Forum Discussion
Andy_LoCascio
Feb 28, 2024Copper Contributor
Create Custom Video Avatar
I am attempting to build a real-time text to speech application using a custom video avatar. I am struggling to determine how to actually create the avatar.
I have located the following two resources which include an overview of the creation process and instructions for the recording process.
However, I cannot determine how to actually create the avatar from the recorded video samples. I assume it is not as simple as submitting them as a training file. What are the next steps?
Any help would be greatly appreciated.
- Ayan_ChawlaMicrosoftHi Andy,
In the preview stage of this service, the training will be done manually by Microsoft. You'll be notified after the model is successfully trained.
You can fill the form for that - https://customervoice.microsoft.com/Pages/ResponsePage.aspx?id=v4j5cvGGr0GRqy180BHbR7en2Ais5pxKtso_Pz4b1_xURFZNMk5NQzVHNFNQVzJIWDVWTDZVVVEzMSQlQCN0PWcu
Basic steps to do that -
1. Get the consent video with the given statements- https://github.com/Azure-Samples/cognitive-services-speech-sdk/blob/master/sampledata/customavatar/verbal-statement-all-locales.txt
2. Prepare the training data - https://learn.microsoft.com/en-us/azure/ai-services/speech-service/text-to-speech-avatar/custom-avatar-record-video-samples
3. Train the model - Done by Microsoft as of 24th April, 2024. Please fill the above form.

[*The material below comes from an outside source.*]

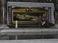 Elizabeth Sanna was born April 23, 1788, in Condrongianos, Sardinia to a family of farmers. At the age of three months she contracted smallpox, which left her with her slightly crippled. She was married in 1807 at the age of nineteen. She and her husband, Antonio, had seven children, two of whom died young. In 1825 Antonio died, leaving her a widow with five children between the ages of three and seventeen. In 1830 she made a pilgrimage to Rome, where she met Vincent Pallotti. She became a secular Franciscan tertiary and later, one of the first members of the Catholic Union of St. Vincent Pallotti. She died in Rome on February 17, 1857, and is buried in the church of SS. Salvatore in Onda.[6] On January 27, 2014 Pope Francis declared Elizabeth Sanna venerable.[7]

4. Deploy and use the Avatar - https://learn.microsoft.com/en-us/azure/ai-services/speech-service/text-to-speech-avatar/custom-avatar-endpoint
Reference Link - https://learn.microsoft.com/en-us/azure/ai-services/speech-service/text-to-speech-avatar/what-is-custom-text-to-speech-avatar#how-does-it-work
For the real time, we need to install the speech SDK and use it - https://learn.microsoft.com/en-us/azure/ai-services/speech-service/text-to-speech-avatar/real-time-synthesis-avatar
** Please mark the answer as solved- user089Copper ContributorApart from the upfront custom avatar generation cost and the synthesis cost, are there any other costs involved? We are planning to occasionally use the custom avatar for batch synthesis.